For Gregg Popovich it's all about winning, forget the razzamatazz

San Antonio Spurs coach Popovich is more interested in championships than glamour, even if it upsets NBA boss Stern

He will never be confused with Phil Jackson or Pat Riley. One is an almost cultish, Zen-like figure while the other is a perpetually suave icon. And while Jackson and Riley have perfected the art of self-promotion coaching basketball in places like Chicago, Los Angeles and New York, he has toiled in blissful anonymity in nondescript San Antonio, Texas. There is a reason why a number of casual basketball fans have never heard of Gregg Popovich. He wants it that way. But it is hard to ignore the simple fact that only Jackson at 11, Boston Celtics legend Red Auerbach at nine and Riley at five have coached more championship teams than Popovich, who sits at four titles but is the only one still active. Popovich is not only the best coach in basketball right now; he is arguably the best coach in American sports.

This past week, though, Popovich's cloak of anonymity was lifted and it was not for a celebration of his career achievements. With his Spurs facing their fourth road game in five nights, Popovich found himself squarely in the spotlight when he decided to send four players, including his three best and oldest, back to Texas instead of to Miami to play the Heat in a match-up televised across the US and indeed the world. With an 82-game schedule and perhaps another 20 or so play-off games, Popovich explained that he wanted his veterans fresh for when it matters later in the season. He is not the first coach to rest a star or two; he is just the most blatant. Naturally, NBA commissioner David Stern was not happy, especially considering how it would curtail his beloved TV ratings. "I apologise to all NBA fans," he said. "This was an unacceptable decision by the San Antonio Spurs and substantial sanctions will be forthcoming." Stern proceeded to fine the Spurs US$250,000 for impugning the integrity of the NBA while the superstar-laden Heat needed two last-minute three-pointers to beat a completely depleted San Antonio team 105-100 in an extremely competitive game. With 14 months left in his tenure as boss, Stern is in essence now telling teams who they must play and when. It's a dangerous but hardly surprising precedent in a largely dictatorial reign.

While sympathetic to fans who missed seeing his team's stars, Popovich was unrepentant. The Spurs are still tied for the top spot in the Western Conference and will probably be there when the season ends. So who is this guy, the fourth most successful coach in the history of the NBA? Popovich was born in Chicago to a Serbian father and Croatian mother. He graduated from the Air Force Academy with a degree in Soviet Studies and was considering a career in the CIA before subsequently fulfilling his four-year military commitment and proceeding to get his master's degree then coaching for a decade at tiny Pomona-Pitzer College, a Division III school. It's not exactly a stepping-stone to the NBA and when a surprising job offer came as an assistant coach with the Spurs, he was initially torn. "I would have been fat, dumb and happy to be at Pomona forever," Popovich said a few years ago. He took the job though and the rest, as they say, is history.

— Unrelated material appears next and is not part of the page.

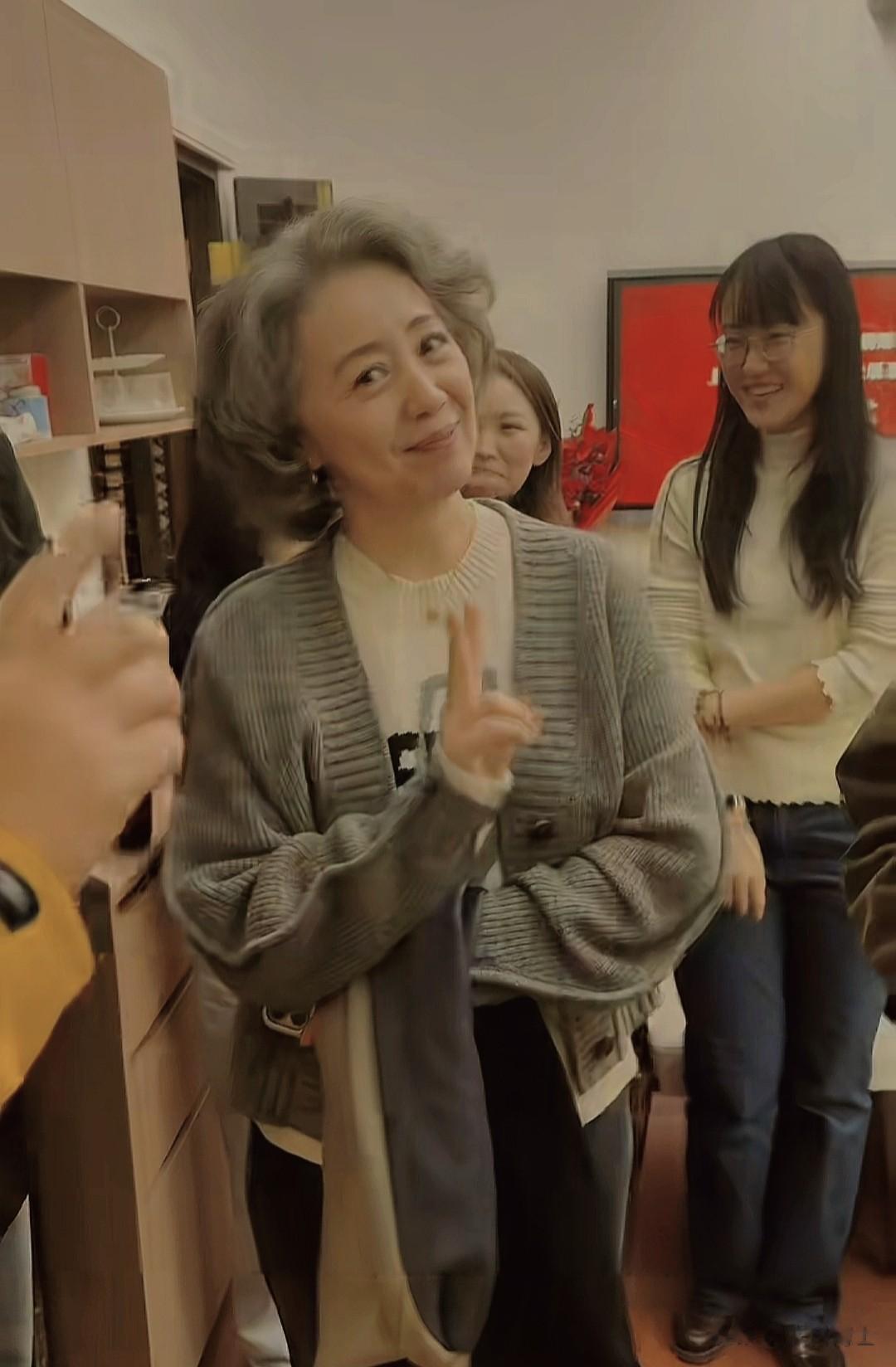 任程伟旁边,一位蓬松短发造型的女士,她衣着时尚,头发几乎全白,虽看上去不年轻,但是气质非常优雅,浑身上下散发着女性的成熟美。

In 1996 he became head coach and a year later the Spurs used the first pick in the draft on Tim Duncan and paired him with fellow behemoth David Robinson to win their first NBA title in 1999. Duncan would lead them to three more titles between 2003 and 2007 and in the process help Popovich define his coaching method. "My job here is not to screw up," he said. While he definitely did not screw up with the Spurs, his success did slightly screw up Stern's NBA. The TV ratings when San Antonio were champions would always take a dip and it was no secret that Stern yearned for the glamorous Los Angeles Lakers in the finals. But Popovich turned the Spurs into the league's model franchise. There is no team turmoil. They don't fight or argue, all they do is win.

Popovich is unconventional - in training camp he handed each player a DVD of the US presidential debates to take home and watch - and can barely conceal his contempt for the marketing machinery of the NBA. He often issues brief and ironic replies during mundane in-game, courtside interviews. When asked recently during one if he was happy by his team's ball movement, he replied: "Happy? Happy is not a word that we think about in the game. I don't know how to judge happy. We're in the middle of a contest. Nobody's happy." Nobody, that is, but Popovich, particularly if his team make it back to another finals this season much to Stern's chagrin.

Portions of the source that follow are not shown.